BEGIN Provided material

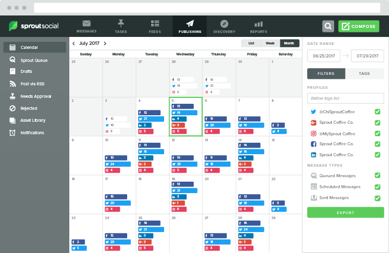 Sprout, quant à lui, consolide tous les messages planifiés en un seul endroit pratique, rationalisant ainsi le processus de planification. Pour améliorer la convivialité, il inclut des vues filtrées, vous permettant de trier et de vous concentrer sur des types de contenu spécifiques. Une caractéristique remarquable est le système d'approbation à plusieurs niveaux de Sprout, qui prend en charge diverses parties prenantes, notamment les équipes des agences, les directeurs et les clients.
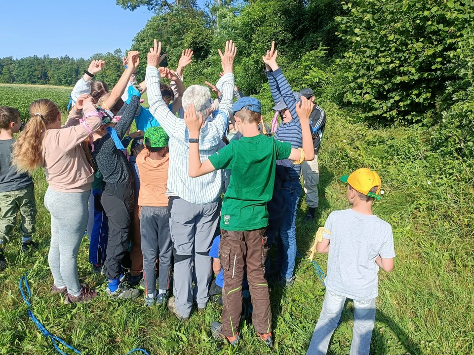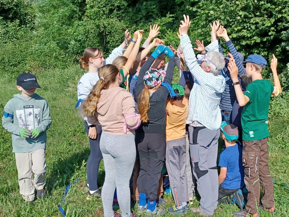 Das drüsige Springkraut wurde auf weiten Strecken ausgerissen und auf grossen Haufen aufgeschichtet. Es entstand viel Platz für unsere einheimische Pflanzenwelt! Zur Abkühlung gab es nach der tollen Ausreissaktion einen Sprung ins Wilerbedli. Zäme fägts haut eifach!
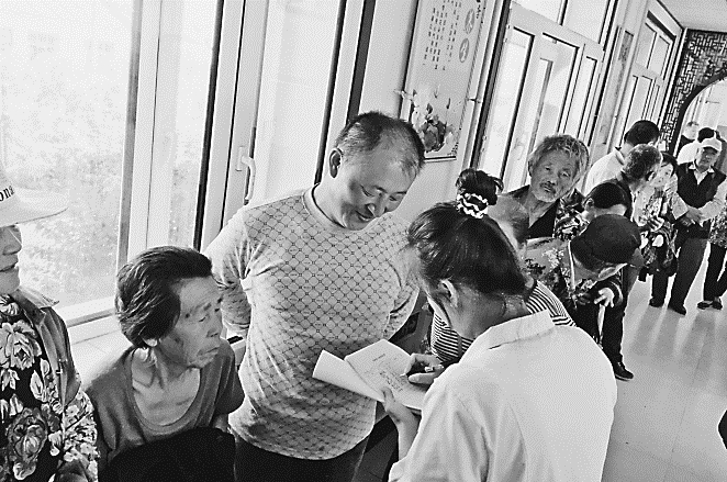 村民排队进行大骨节病筛查。本报资料片
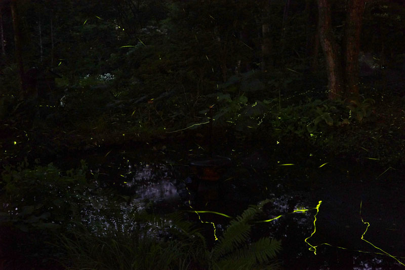 噴水池のホタル、ここは標高1000mの高地だから、平地よりひと月程遅れて7月が蛍の季節。
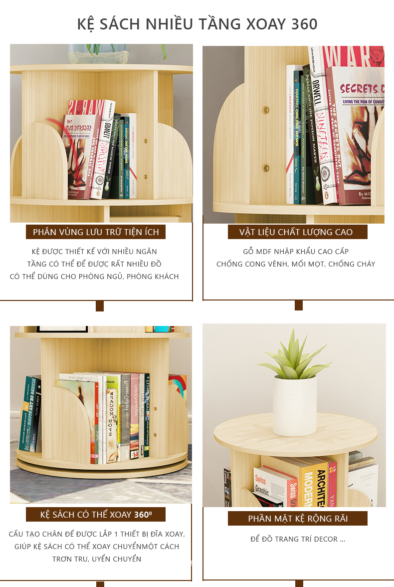 Tên sản phẩm: Kệ Sách Xoay Màu sắc: Màu Vân Gỗ Kích thước: Chiều Cao 125cm - Chiều Ngang 46cm Chất liệu: Gỗ Công Nghiệp (Gỗ MDF) nhập khẩu Bề mặt: Phủ lớp Melamine dày dặn Dán chỉ cạnh: Có
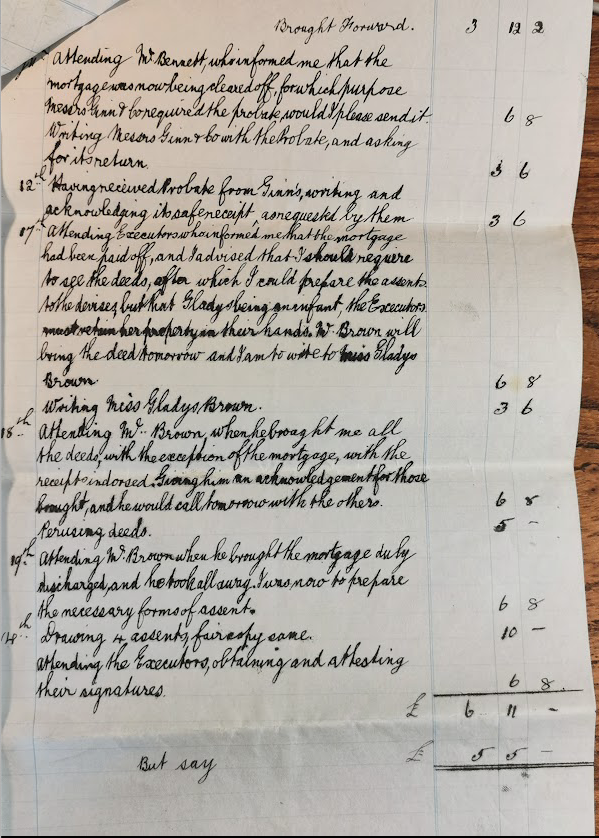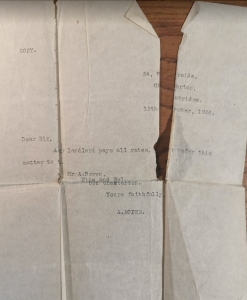 Letter to U Brown re mother’s estate, 54 Water Street, 1915
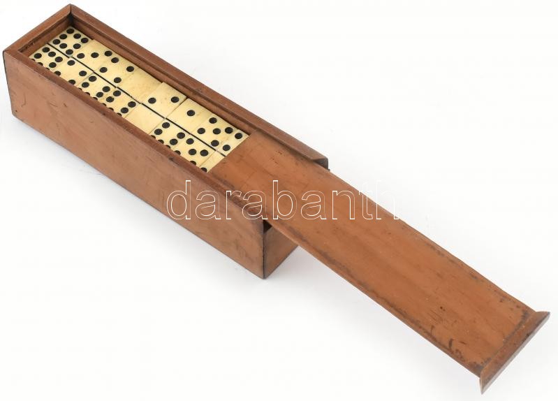 Régi dominókészlet, csont és fa, dobozban, korának megfelelő állapotban, 18,5x5x5 cm<a href="https://www.darabanth.com/hu/gyorsarveres/415/kategoriak~Mutargy-papirregiseg-egyeb/Jatekok~500013/Regi-dominokeszlet-csont-es-fa-dobozban-koranak-megfelelo
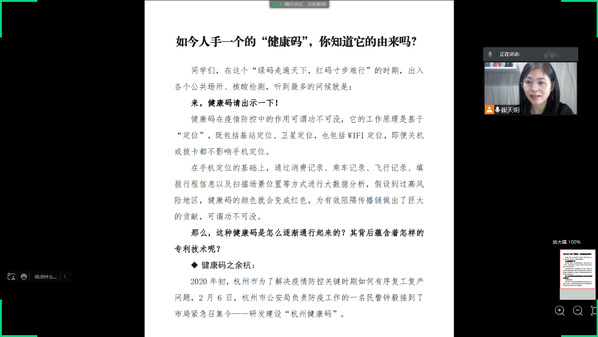 人工智能学院《分布式文件系统》任课教师武兴睿通过播放马晓东发明健康码,无偿给国家人民使用的视频,使学生们意识到大数据在国家重大事件发生时所发挥的关键作用,以及科技研究者们对国家健康、稳定、安全、强大的重要性,使学生感受到“爱”的重要性,“爱”是科技研究者奋斗的力量。《数据处理基础》任课教师郑雨晴在课前3分钟用扫二维码的方式向学生讲述长旅的抗疫故事。她首先在课前播放轻松愉快的音乐,展示做好的二维码,指引学生用微信扫一扫,展示文字内容。讲解二维码的原理以及用wps的制作过程演示。既让学生用此技术表白爱意,感恩父母,感恩爱你的人,又可以将专业知识融入其中。
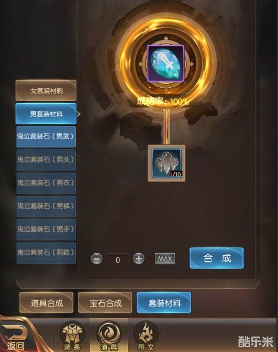 而在合成页面的道具合成-套装材料处可以利用鬼泣套装石碎片进行套装石的合成,合成不同部位装备套装石所需的碎片均不同哦
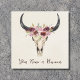 Boho Floral Cow Skull on Natural Cream Square Business Card
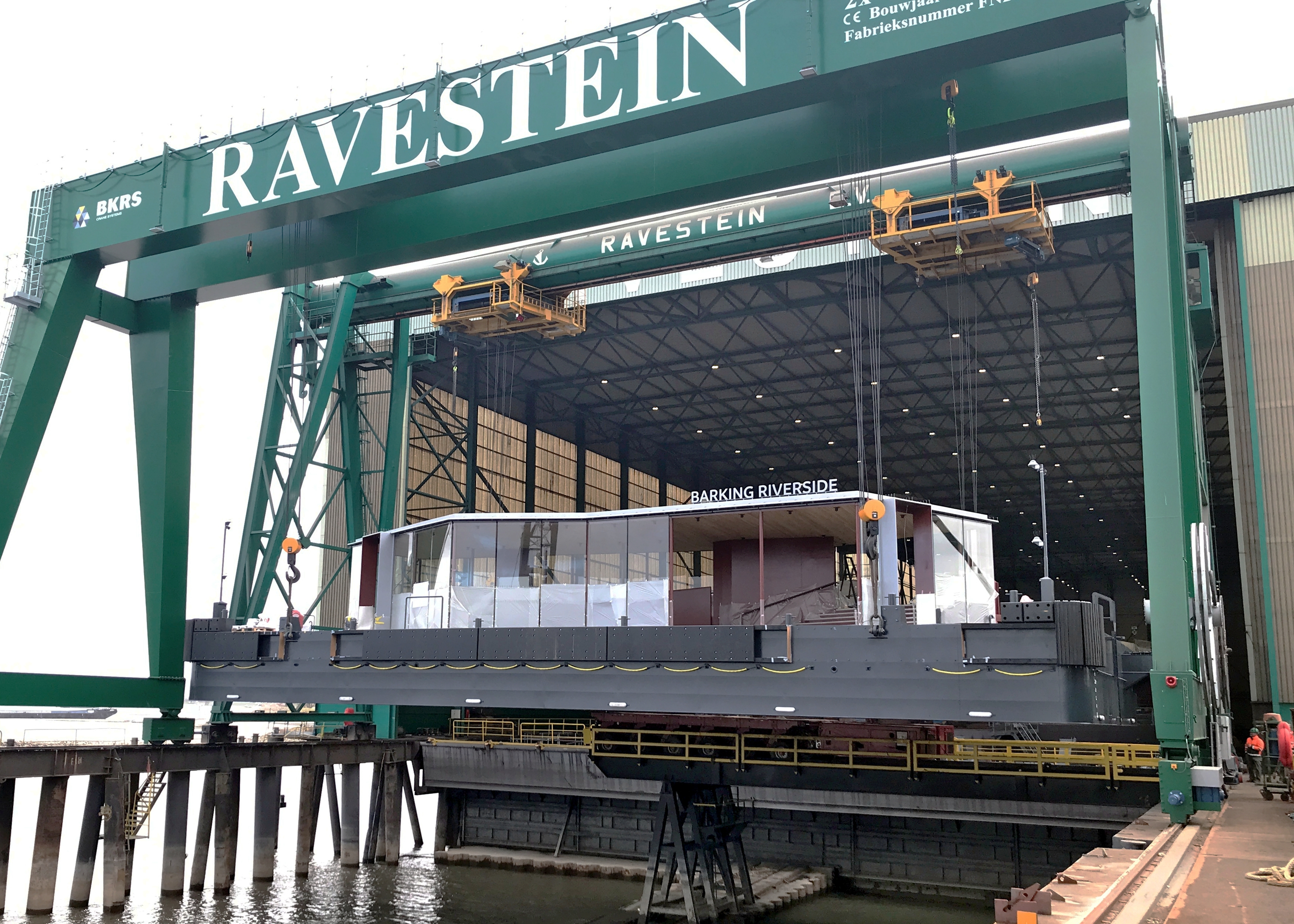 barking4.jpgThe link-span and pontoon, complete with a high-quality steel, glass and timber waiting room, were manufactured in the Netherlands by Ravestein BV and delivered to site by crane barge. Two guide piles secure the jetty while two berthing piles provide space for two vessels to moor at the same time.
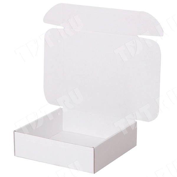 Короб КС-426 МГФ, серии КС-400, белый, длиной 185 мм, шириной 185 мм и высотой 60 мм. Изготовлен из микрогофрокартона Т-23. Полезный объём — 2 л.
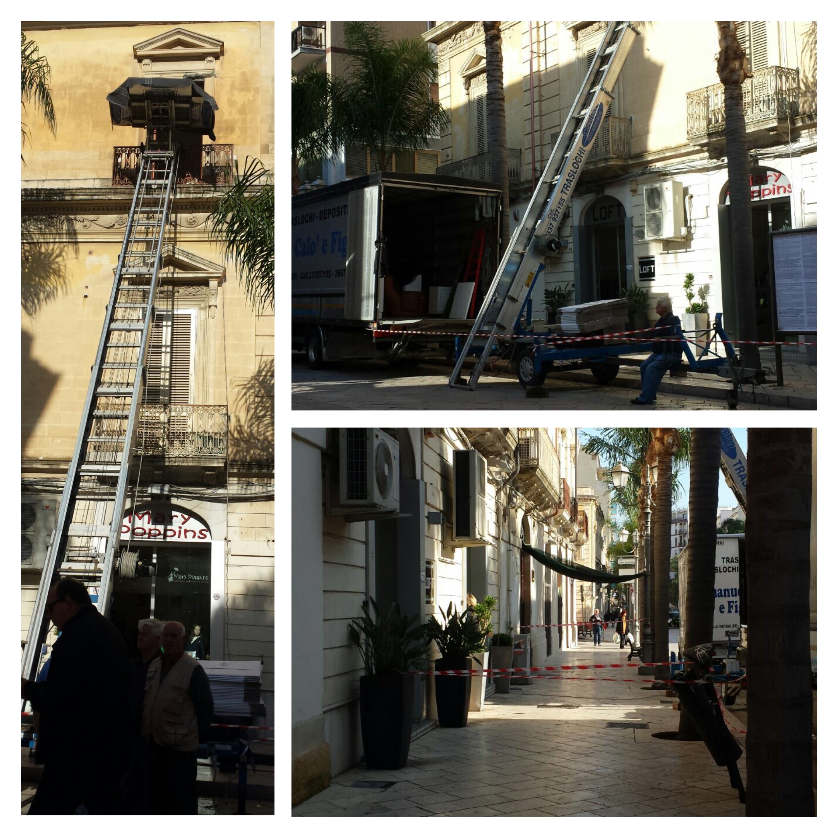 L’attività lavorativa di due attività commerciali di Brindisi è paralizzata da questa mattina per il trasloco di un privato, regolarmente autorizzato dal Comune, che ha transennato il marciapiedi impedendo il passaggio dei clienti, e persino dei titolari, in corso Umberto.
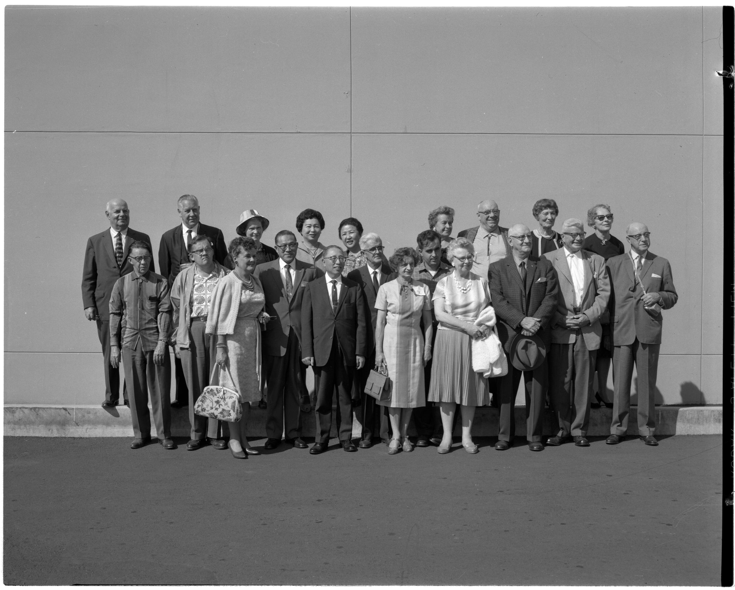 Negative, sheet film. 4 x 5 b&w. No. 915. OB Corp TV. Shriners visit Olympia brewery. No ID on people.

END Provided material

Aim of the task >> All that should appear in the answer is the lines above from the line with "Letter to U" through the line with "Boho Floral Cow", retyped exactly, pictures left out.

Written response >>
 Letter to U Brown re mother’s estate, 54 Water Street, 1915
 Régi dominókészlet, csont és fa, dobozban, korának megfelelő állapotban, 18,5x5x5 cm<a href="https://www.darabanth.com/hu/gyorsarveres/415/kategoriak~Mutargy-papirregiseg-egyeb/Jatekok~500013/Regi-dominokeszlet-csont-es-fa-dobozban-koranak-megfelelo
 人工智能学院《分布式文件系统》任课教师武兴睿通过播放马晓东发明健康码,无偿给国家人民使用的视频,使学生们意识到大数据在国家重大事件发生时所发挥的关键作用,以及科技研究者们对国家健康、稳定、安全、强大的重要性,使学生感受到“爱”的重要性,“爱”是科技研究者奋斗的力量。《数据处理基础》任课教师郑雨晴在课前3分钟用扫二维码的方式向学生讲述长旅的抗疫故事。她首先在课前播放轻松愉快的音乐,展示做好的二维码,指引学生用微信扫一扫,展示文字内容。讲解二维码的原理以及用wps的制作过程演示。既让学生用此技术表白爱意,感恩父母,感恩爱你的人,又可以将专业知识融入其中。
 而在合成页面的道具合成-套装材料处可以利用鬼泣套装石碎片进行套装石的合成,合成不同部位装备套装石所需的碎片均不同哦
 Boho Floral Cow Skull on Natural Cream Square Business Card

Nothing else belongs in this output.